A new bioinformatics pipeline helps investigate the mechanism underlying the development of autoimmune diseases following SARS-CoV-2 infection CREDIT
Gwangju Institute of Science and Technology (GIST)
The SARS-CoV-2, or the novel coronavirus, has affected more than 500 million people worldwide. Apart from the symptoms associated with COVID-19 infection, it has recently been reported that the virus also leads to the subsequent development of autoimmune diseases in patients.
Autoimmune diseases like rheumatoid arthritis, lupus, or multi-inflammatory syndromes arise when the immune system confuses healthy cells with pathogens and starts attacking them. But, the precise mechanism underlying this “breach of self-tolerance” is unknown. One of the possible mechanisms suggested to be involved is what is called “molecular mimicry,”

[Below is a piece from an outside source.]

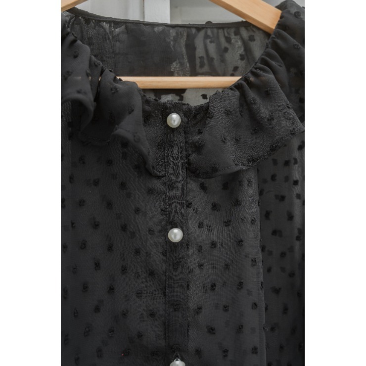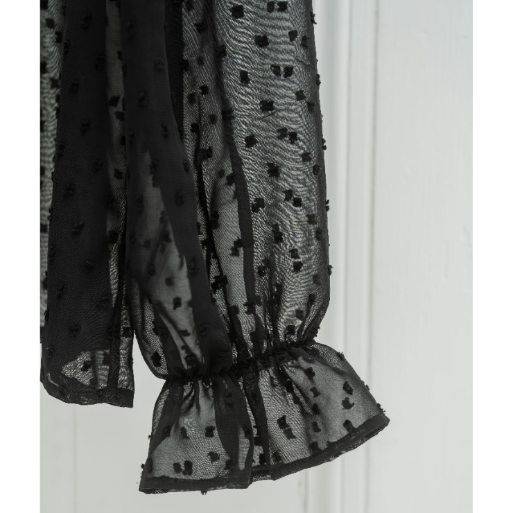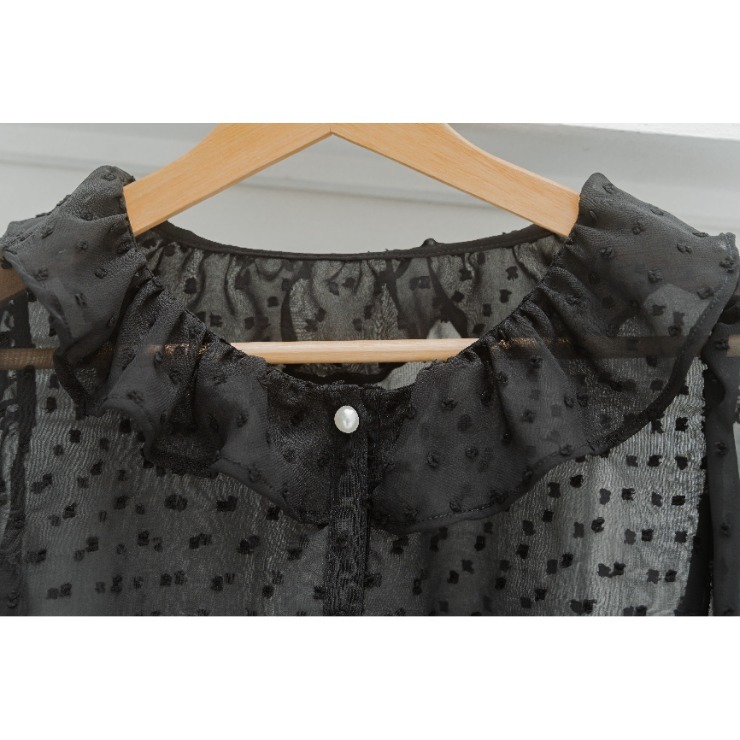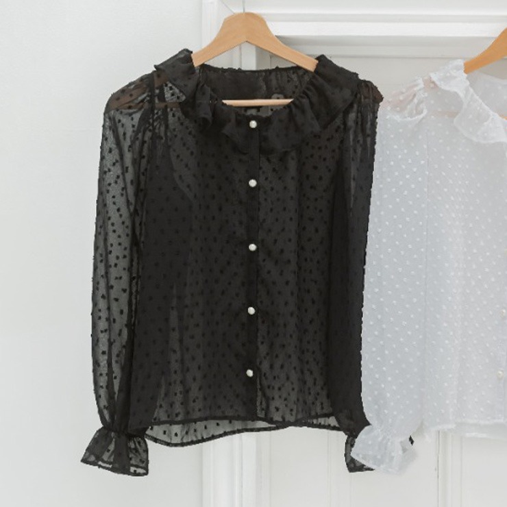 首元のフリルがお顔周りを華やかにしてくれる&小顔効果にも◎

in which an autoimmune reaction is triggered when a T-cell receptor or an antibody produced from a B-cell directed against a specific antigen (foreign body) binds with an autoantigen, which is an antigen produced from our own body. This occurs due to a molecular or structural resemblance between the “epitopes” (the part of antigen attached to the antibody) of the antigens. However, a comprehensive investigation of the role of molecular mimicry in the development of such autoimmune diseases has not yet been performed due to the complexity of the epitope search and the lack of standardized tools.

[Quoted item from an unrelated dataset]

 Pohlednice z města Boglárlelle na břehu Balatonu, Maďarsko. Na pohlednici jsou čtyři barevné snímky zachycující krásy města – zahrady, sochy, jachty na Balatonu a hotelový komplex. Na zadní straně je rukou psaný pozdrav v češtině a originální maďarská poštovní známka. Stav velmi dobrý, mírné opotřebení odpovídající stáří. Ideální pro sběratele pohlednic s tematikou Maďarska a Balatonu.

To this end, a team of researchers from the Gwangju Institute of Science and Technology (GIST) led by Prof. Jihwan Park developed a new bioinformatics pipeline. Their new tool, called cross-reactive-epitope-search-using-structural-properties-of-proteins (CRESSP), was recently reported in the journal Briefings in Bioinformatics. “Previous studies on molecular mimicry used bioinformatics pipelines different from one another that often involved complex algorithms and were not scalable to proteome scales. In light of this, we developed a pipeline that is easily accessible and scalable,” explains Prof. Park. “It uses the structural properties of proteins to identify epitope similarities between two proteins of interest, such as human and SARS-CoV-2 proteins.”
Using CRESSP, the team screened 4,911,245 proteins from 196,352 SARS-CoV-2 genomes obtained from an open-access database. The pipeline narrowed down 133 cross-reactive B-cell and 648 CD8+ T-cell epitopes that could be responsible for COVID-related autoimmune diseases. It further identified a protein target, PARP14, to be a potential initiator of epitope spreading between COVID-19 virus and human lung proteins.
The pipeline also predicted the cross-reactive epitopes of different coronavirus spike proteins. Moreover, the team developed an interactive web application to enable an interactive visualization of the molecular mimicry map of SARS-CoV-2. The pipeline is also available as an open-source package.
The team hopes their new tool will facilitate comparison between studies, providing a robust framework for further investigation on molecular mimicry and autoimmune diseases. “Although autoimmune diseases affect less than 10% of the population, studying them is important since it severely impacts the quality of life. Our new tool can be used to study the possible involvement of molecular mimicry in the development of other autoimmune conditions in a systemic and scalable manner,” concludes Prof Park.
Hopefully, the new invention will help us deal with SARS-CoV-2 and other viral infections better.